Any Endpoint that processes, transmits and/or stores Data must be registered in accordance with Section III(A) and have the minimum protection requirements set forth in Section III(B) or (C) and, if applicable, Sections III(D), (E), and/or (F), in each case for the most restricted class of Data that is processed, transmitted or stored on such Endpoint.
Capitalized terms used in this Policy without definition are defined in the Charter.
II. Policy History
- The effective date of this Policy is March 30, 2011.
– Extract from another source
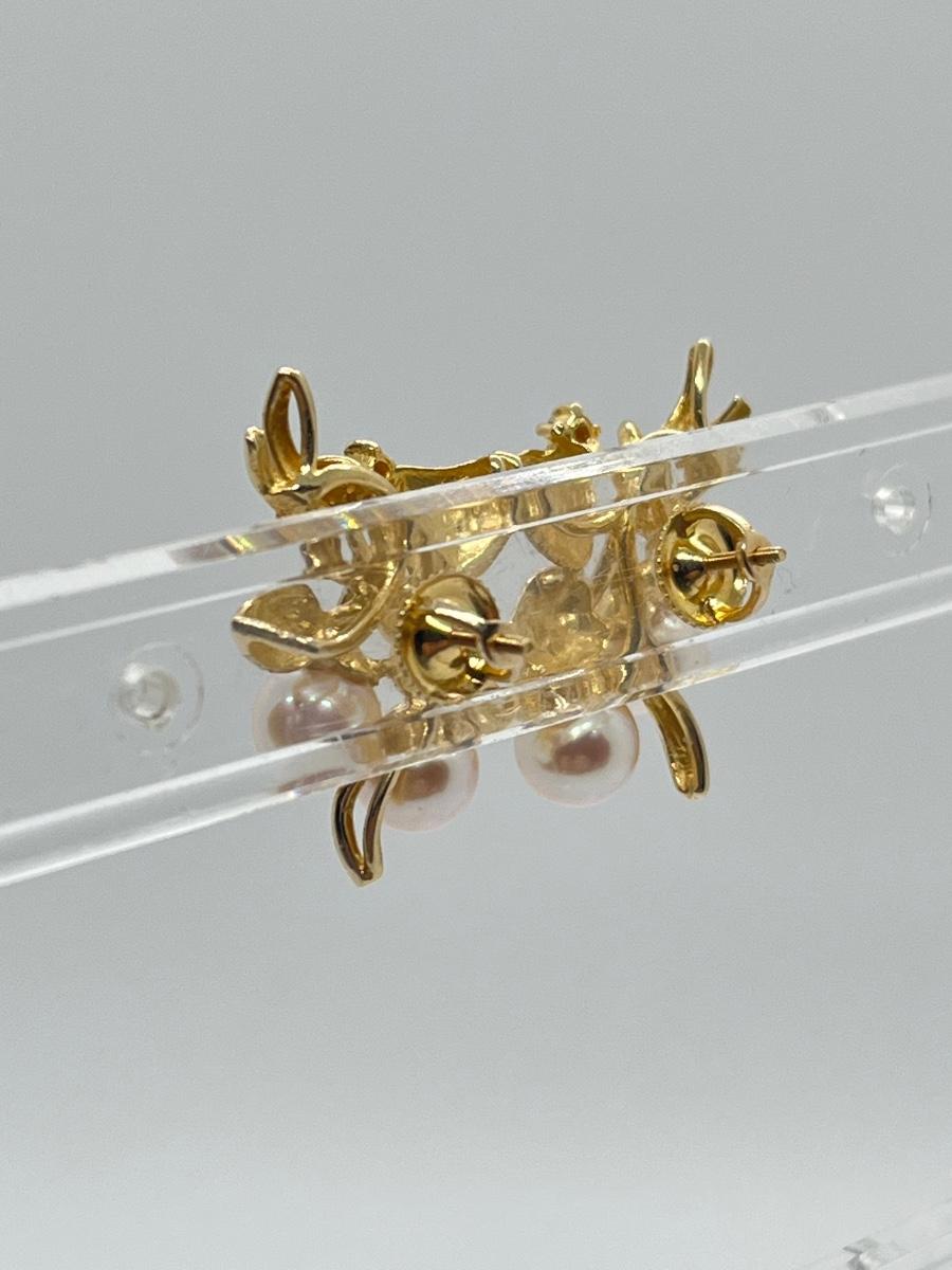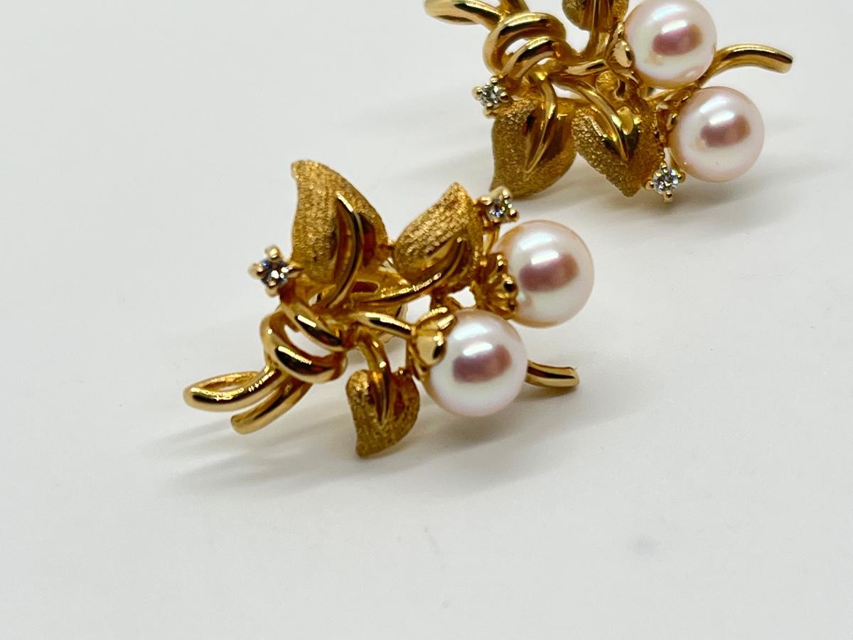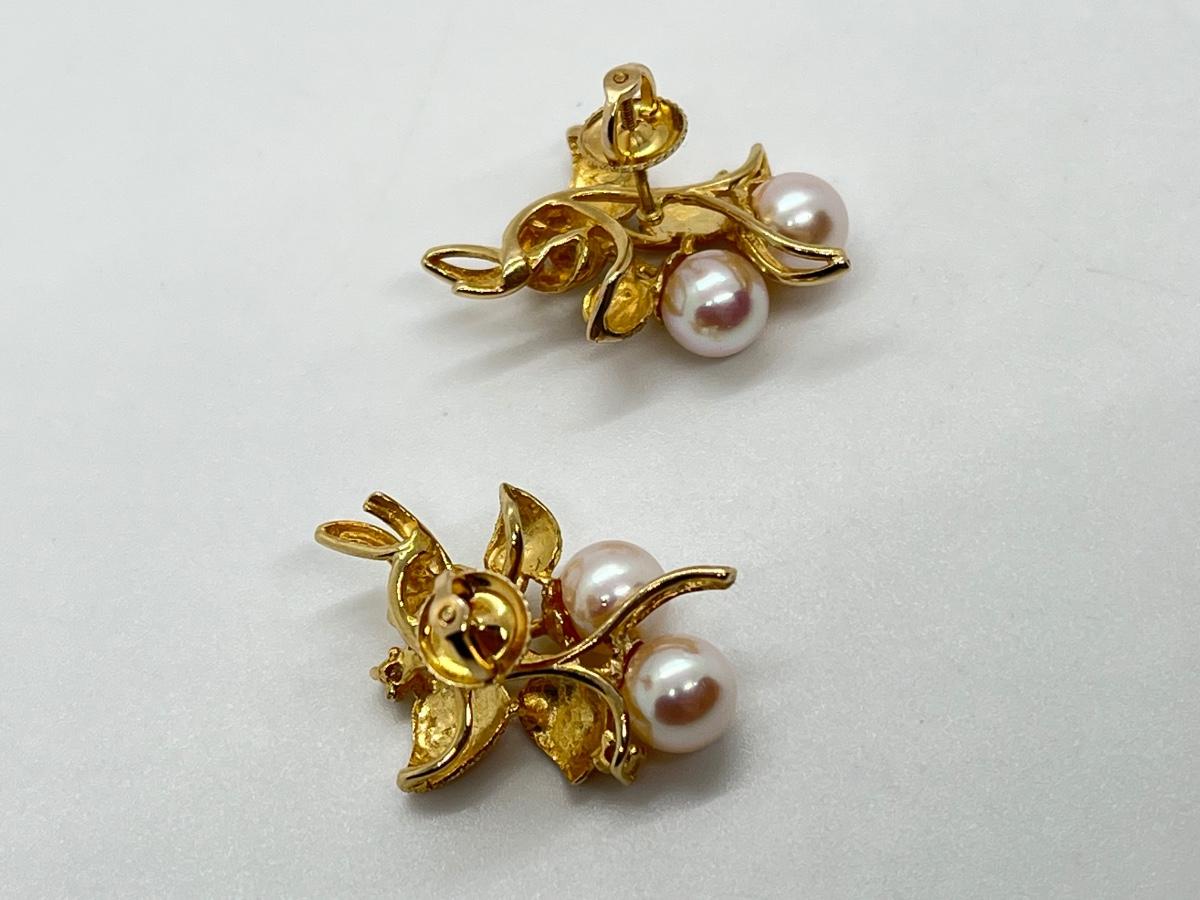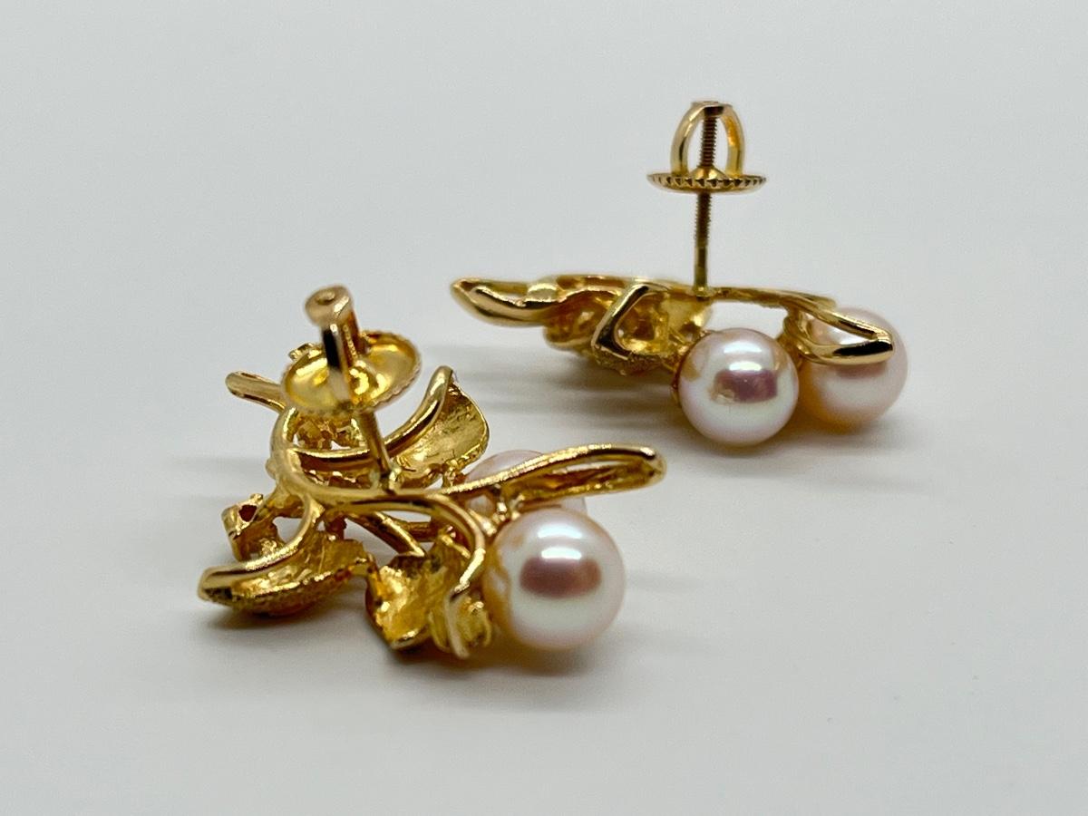 LOT 44: 14K Gold Pearl & Diamond Flower Design Pierced Earrings w/ Screw Back Posts - 6.45 gtw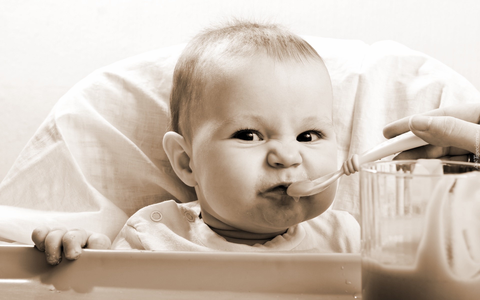 Edytor tapety: Dziecko, Łyżeczka, Jedzenie, Szklanka

- Reviewed and/or revised March 14, 2018.
III. Policy Text
A. Registration of Systems
All Systems, including OMG Systems, that process, transmit and/or store ePHI/PHI Data must be registered with OMG Information Security Office. All Systems that process, transmit and/or store non-EPHI/PHI Sensitive Data and/or Confidential Data must be registered with the CU Information Security Office. Registration will be carried out in accordance with the procedures established by each such Office.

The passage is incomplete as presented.